What about life expectancy, where the U.S. ranks below its peers, as well?

International measures of longevity typically fail to account for differences in obesity, accidental deaths, car accidents, murders and the like, all of which shorten lives no matter how good a nation’s healthcare system is.

The U.S. murder rate, for example, is more than four times the United Kingdom’s — and far higher than all the other countries in the Commonwealth Fund study. The U.S. has a worse highway death rate than all but one of them. And U.S. obesity rates are more than double Canada’s and more than four times Switzerland’s.

A far more meaningful comparison of international health systems would take stock of how people afflicted with diseases such as cancer fare in different countries. And on this measure, there’s no question the U.S. stands above the rest.

Five-year survival rates for breast cancer are higher in the U.S. than in England, Denmark, Germany and Spain, according to the American Cancer Society. In the U.S., the survival rate for prostate cancer is 99%. In Denmark, it’s 48%. For kidney cancer patients, the survival rate here is 68%. It’s just 46% in England — which the Commonwealth Fund ranked as the No. 1 healthcare system in the world.

Finally, the Commonwealth Fund study also ignores massive problems with actual access to care in the countries it heralds. Every citizen of a country with socialized medicine may have insurance.
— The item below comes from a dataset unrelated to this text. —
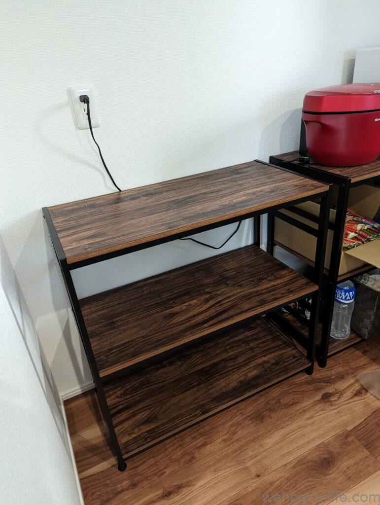 このラックの同じシリーズに4段のがあるんだけど、それを買ってしまうと一番上の段に炊飯器とか置くと、高くなりすぎるので要注意!
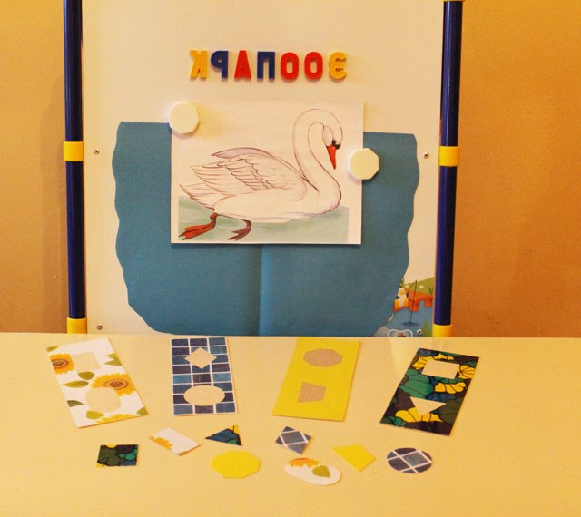- Діти, а в мене є рушники, тільки вони трохи порвалися. Ось заплаточки різних кольорів і форми. Давайте полагодимо рушники для лебедяти, підберемо заплатки такої ж форми і кольору, як і дірочки.

But that doesn’t mean they can get the care they need.

Treatment delays were so chronic in the United Kingdom, for example, that the government had to issue a formal requirement that patients shouldn’t have to wait more than four months for treatments authorized by their general practitioner. The Royal College of Physicians found that poor care — including doctors trying to keep costs down — caused nearly two-thirds of asthma deaths in the U.K. in 2012.

In Canada, the average patient seeking an elective medical service has to wait four-and-a-half months between being recommended for treatment by their primary care physician and actually receiving it. Waiting for care is the norm in Canada, even though Madam Chief Justice Beverley McLachlin of the Canadian Supreme Court declared nine years ago, in a ruling holding a ban on private health insurance in Quebec illegal, “Access to a waiting list is not access to healthcare.”

The Commonwealth Fund is right about one thing — the U.S. healthcare system is too expensive. But rationing care — as Commonwealth’s favored systems do — is not the answer.